- [WHAT TO WORK ON]:
Copy out the entries that follow exactly, leaving every picture behind.

- [DATA SHOWN]:
________________________________________

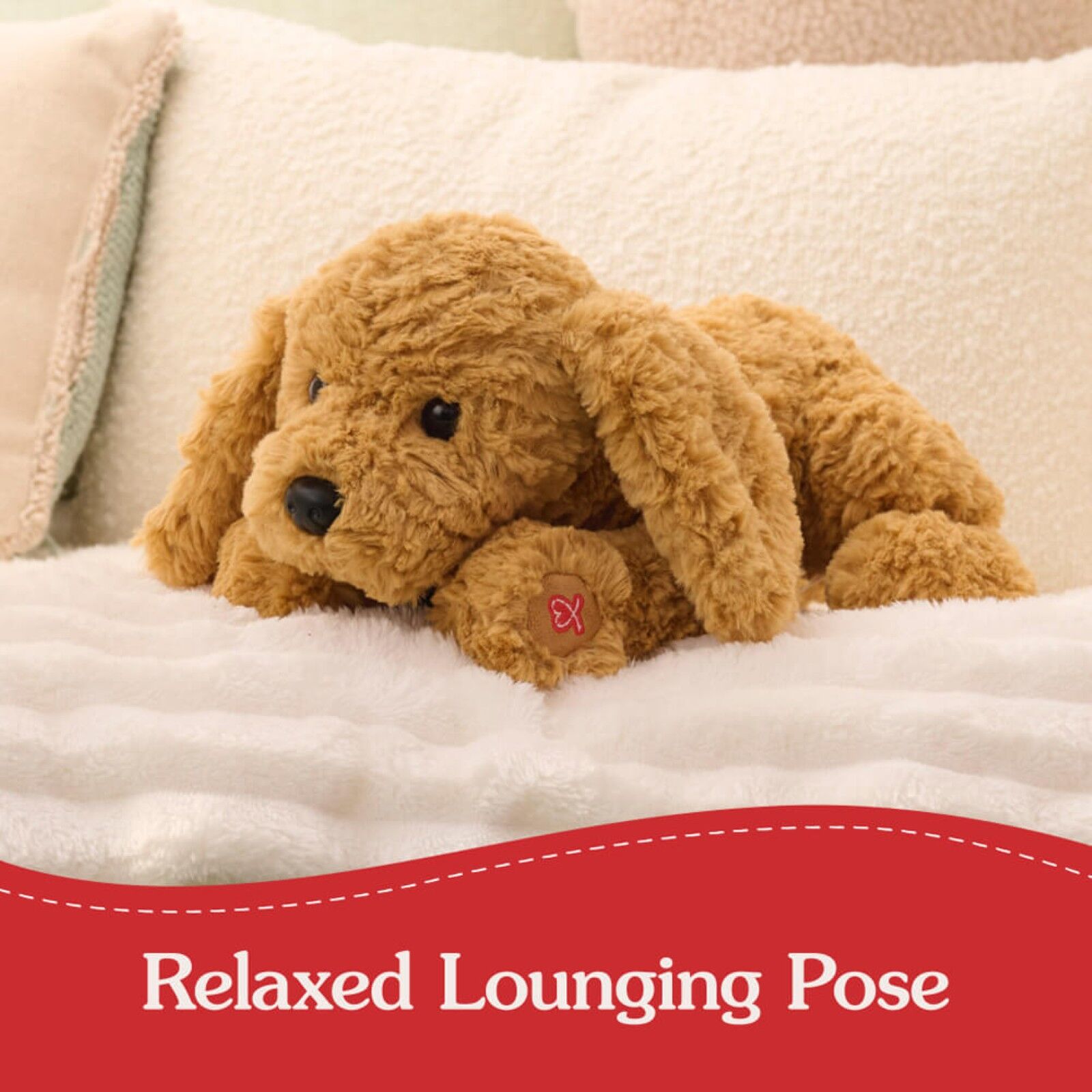 You may notice a special new feature on Muttsy puppy. As part of GUND's Forever Friends collection, Muttsy has a red stitch heart on his left paw. This stitch is GUND's universal symbol of connection and the love someone feels when holding their favourite stuffed friend. This provides extra security for on-the-go play and all types of adventures.
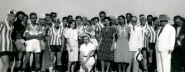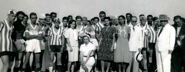 Clássico entre o time do Ferroviário e o time do Internacional (Ex-Guarani), década de 1940. Time do Ferroviário usando blusas listradas nas cores verde e branco e calções pretos. Time do Internacional usando blusas nas cores branco e vermelho e calções brancos.
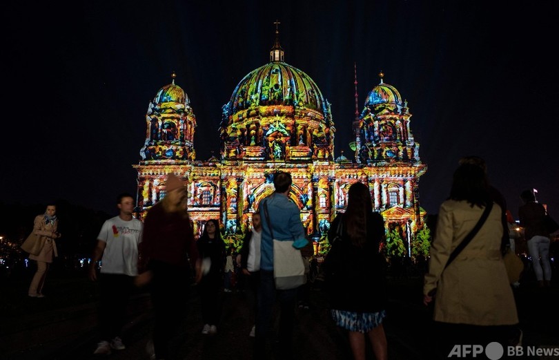 【今日の1枚】地球を見守る高層ビル、ベルリンの光の祭典
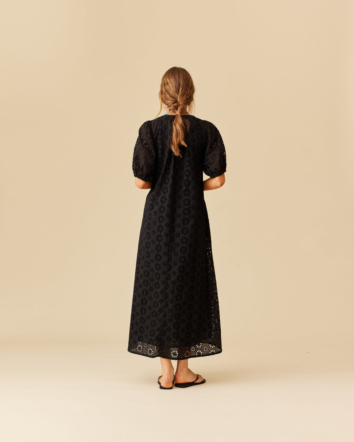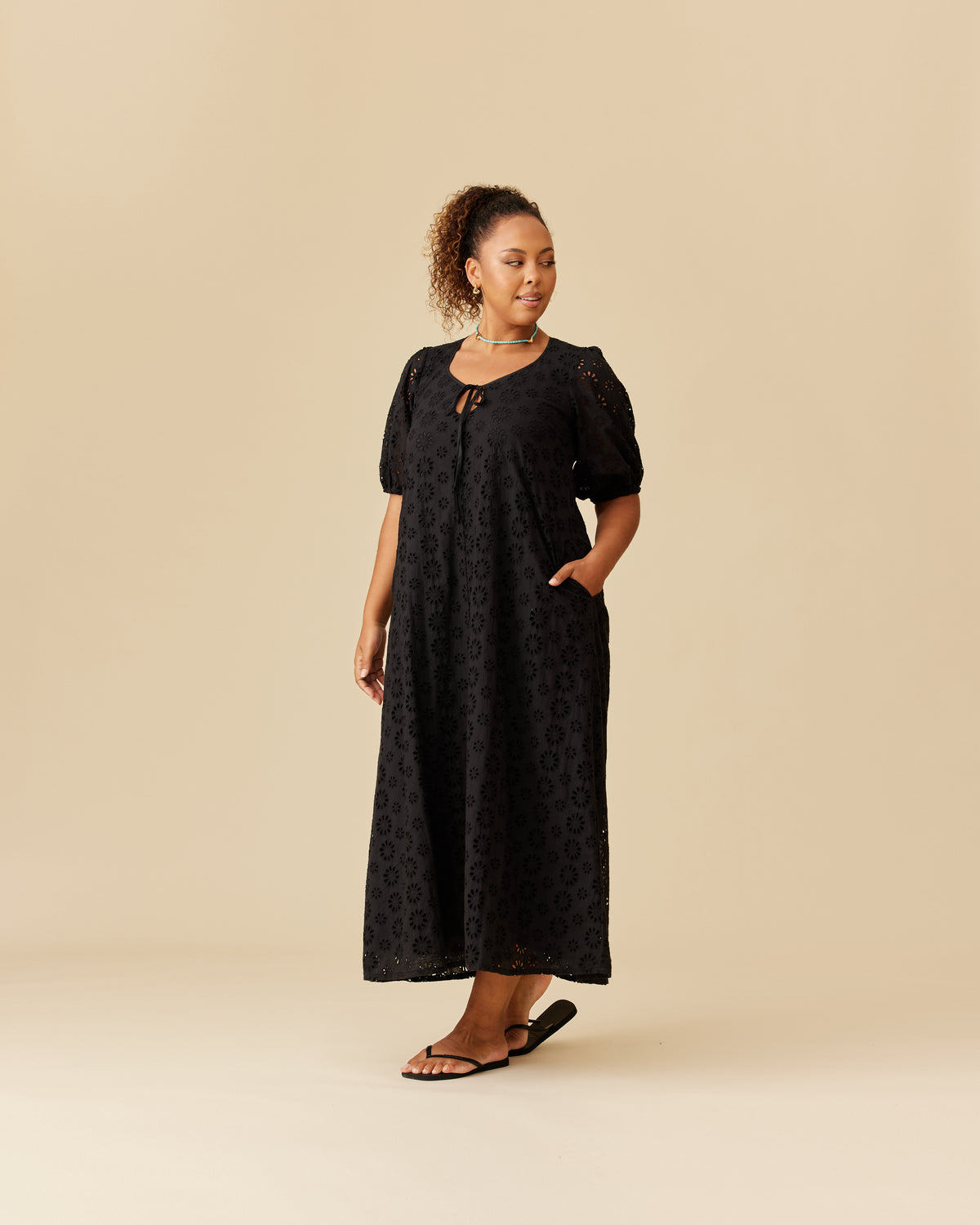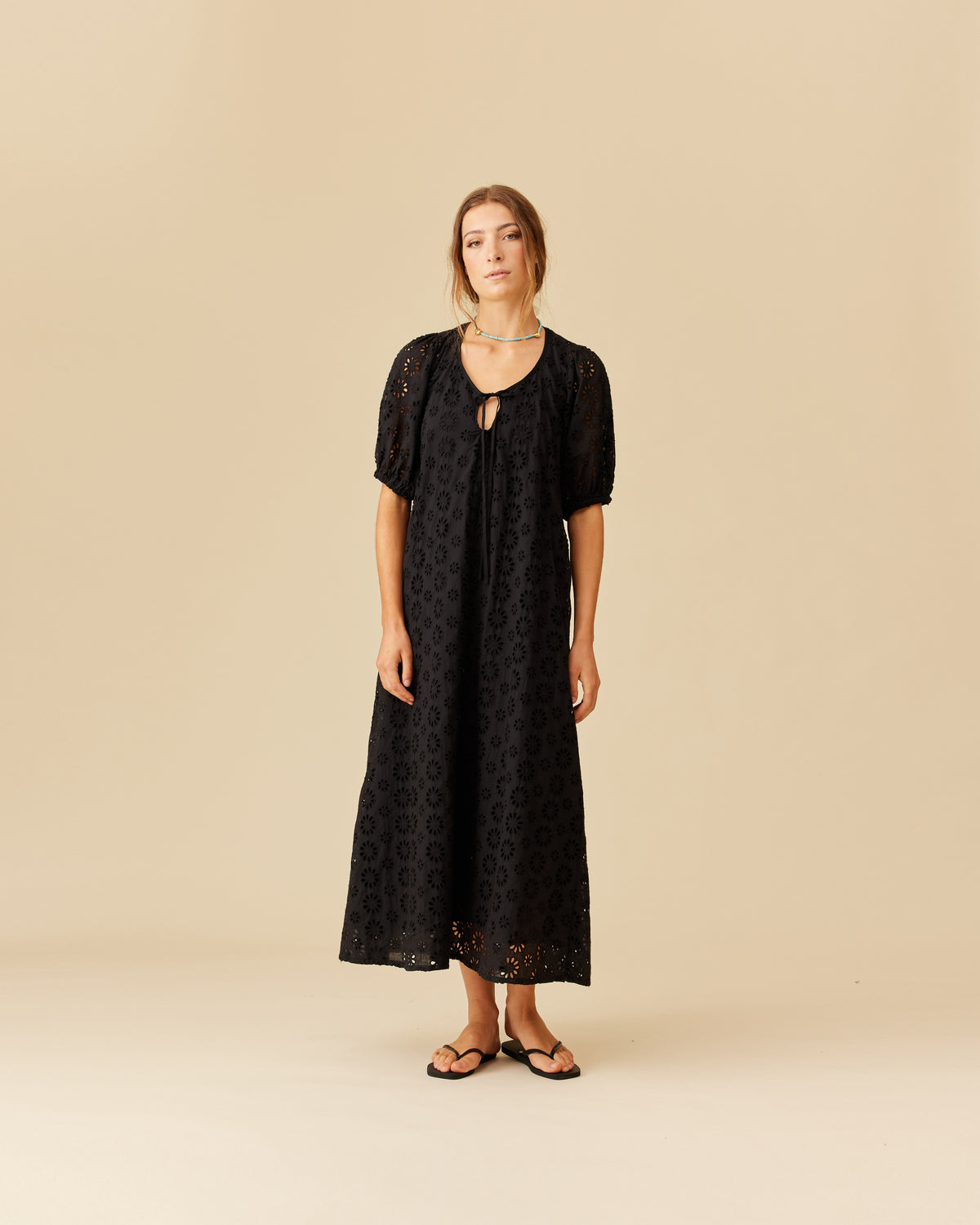Our summer staple dress makes a return in an embroidered cotton fabric. Relaxed fit maxi dress with elasticated puff sleeves and a tie neckline with a keyhole detail. The puff sleeves add a romantic feel to this versatile piece.
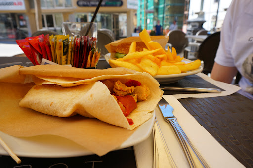 First the good things, the location is spot on the main streat and easy to reach, and The main waiter was very nice and spoke good English. Now the bad things : 1: Shortly after being seated and given a menu, a second waiter showed up and took our menue away from us again, without a single word. It felt very rude and unwelcoming, but we just picked up a card from a different table. The card is hard to understand, mainly drinks, and rhe food items mixed in between, only listing one (overpriced) breakfast option. We ( Stupidly) went with it anyway. We ordered a tea, which was barely a whole cup, and a water, which turned out to be a plastic bottle generic brand one. The "breakfast" portion was laughable, horrible, grainy, scrambled egg, definitely from a package, 3 small slices of bacon, only 3 pieces of toast, so one and a half slices, some butter and marmalade and half a tomato plus some arugula as "decor". We ended up paying 50 euros for that very very small and lacking breakfast. It's propably our own fault for falling into that tourist trap, so please be smarter then us and...

________________________________________

- [WRITTEN SOLUTION]:
 You may notice a special new feature on Muttsy puppy. As part of GUND's Forever Friends collection, Muttsy has a red stitch heart on his left paw. This stitch is GUND's universal symbol of connection and the love someone feels when holding their favourite stuffed friend. This provides extra security for on-the-go play and all types of adventures.
 Clássico entre o time do Ferroviário e o time do Internacional (Ex-Guarani), década de 1940. Time do Ferroviário usando blusas listradas nas cores verde e branco e calções pretos. Time do Internacional usando blusas nas cores branco e vermelho e calções brancos.
 【今日の1枚】地球を見守る高層ビル、ベルリンの光の祭典
Our summer staple dress makes a return in an embroidered cotton fabric. Relaxed fit maxi dress with elasticated puff sleeves and a tie neckline with a keyhole detail. The puff sleeves add a romantic feel to this versatile piece.
 First the good things, the location is spot on the main streat and easy to reach, and The main waiter was very nice and spoke good English. Now the bad things : 1: Shortly after being seated and given a menu, a second waiter showed up and took our menue away from us again, without a single word. It felt very rude and unwelcoming, but we just picked up a card from a different table. The card is hard to understand, mainly drinks, and rhe food items mixed in between, only listing one (overpriced) breakfast option. We ( Stupidly) went with it anyway. We ordered a tea, which was barely a whole cup, and a water, which turned out to be a plastic bottle generic brand one. The "breakfast" portion was laughable, horrible, grainy, scrambled egg, definitely from a package, 3 small slices of bacon, only 3 pieces of toast, so one and a half slices, some butter and marmalade and half a tomato plus some arugula as "decor". We ended up paying 50 euros for that very very small and lacking breakfast. It's propably our own fault for falling into that tourist trap, so please be smarter then us and...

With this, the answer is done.